The circuit pattern at the bottom of FIG. 3 is an optimal design pattern obtained through the simulation of high frequency components (EEsof) with the dielectric characteristics (dielectric constant, dielectric loss, etc.) of the single crystal substrate 7 and the thickness of the substrate as variables. It is a 3-pole bandpass filter manufactured by combining the resonance characteristics of a resonator.

The fundamental of the high frequency passive element is a resonator using resonance phenomena, but in order to develop a hybrid element by actually making a component or combining it with an active element, a filter having a bandwidth required in a specific frequency band is a key element. .
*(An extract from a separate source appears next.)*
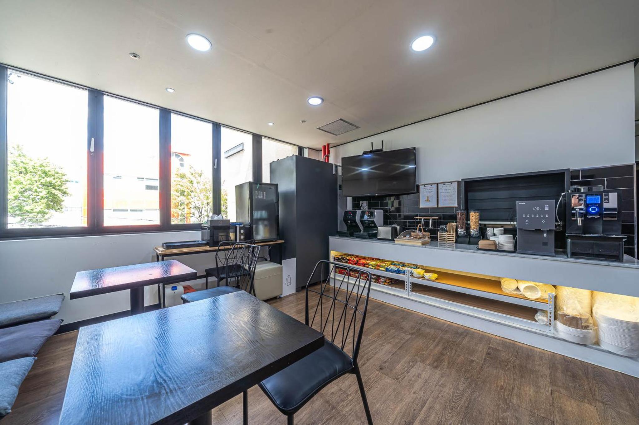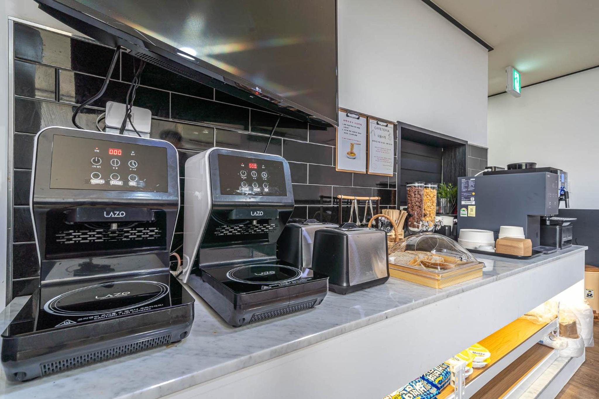 호텔내부에 카페테리아를 저녁 8시부터 다음날 오전 10시까지 이용 가능하고 라면 및 음료 / 간편간식이 구비되어 있어서 언제든지 먹을수 있어서 너무 맘에 들었습니다.
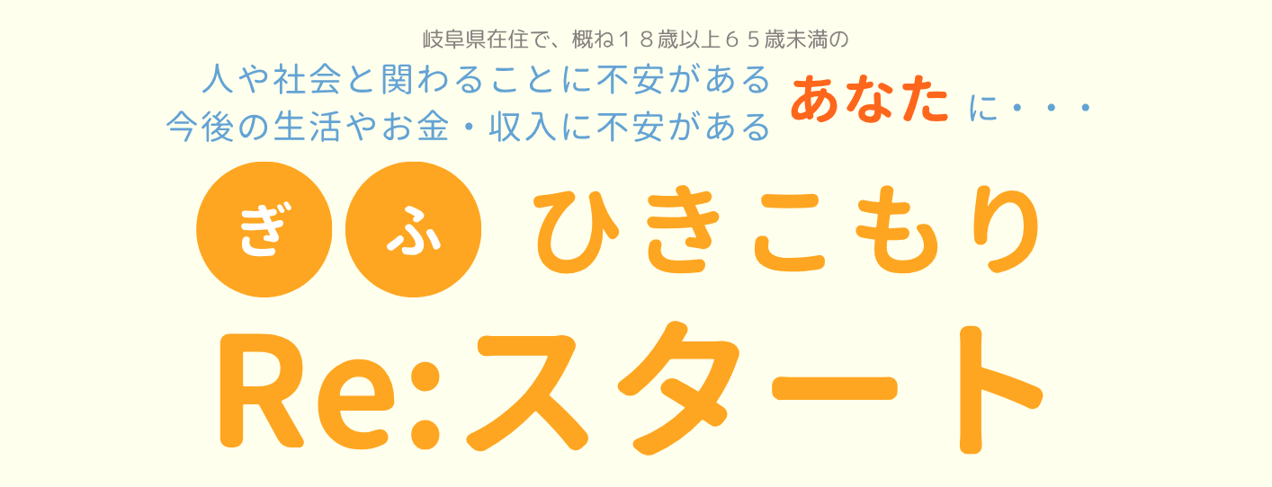 私たち【ぎふ ひきこもり Re:スタート】は、あなたの不安や悩みを一緒に考え、「ここから再スタートしたい」という気持ちを応援する、岐阜県の無料支援窓口です。

In fact, in the ultra-high frequency region of several GHz or more, a large amount of information can be processed at high speed without loss, and various filters are required for simultaneous transmission in a wide range.

Therefore, as mentioned above, the high-frequency high-temperature superconductor bandpass filter of the present invention can be spotlighted as a core component of the transmission / reception system for mobile communication and satellite communication aimed at the next generation, and the loss and noise characteristics are greatly increased because it uses superconducting characteristics. It is expected to have a great effect on the development of high-frequency components which are improved and light and shortened by high integration.

Claims (4)

A method of manufacturing a bandpass filter, comprising: forming a circuit pattern 6 on a single crystal substrate 7 using a metal mask 1 shaped by laser ablation, and a lower portion of the single crystal substrate 7. Fabrication of a three-pole bandpass filter having a YBCO / 'LaAlO ₃ / Au structure comprising the step of forming a ground plane (8) with a conductive metal on the surface, and a step of forming a resistance contact by heat treatment in an oxygen atmosphere. Way. The method of manufacturing a three-pole bandpass filter having a YBCO / LaAlO ₃ / Au structure according to claim 1, characterized in that a superconducting material is applied to one of the front and rear surfaces of the metal mask (1). The method as claimed in claim 2, wherein the superconductor material is YBa ₂ Cu ₃ O _7-x and the substrate LaAlO ₃ is used for producing a three-pole bandpass filter having a YBCO / LaAlO ₃ / Au structure. According to claim 1, wherein the shaping step of the metal mask (1) YBCO / characterized in that to form a pattern while attaching a stainless mask to the holder with a heater as a silver adhesive and raising the temperature of the holder to 800 ℃ Manufacturing method of 3-pole bandpass filter of LaAlO ₃ / Au structure.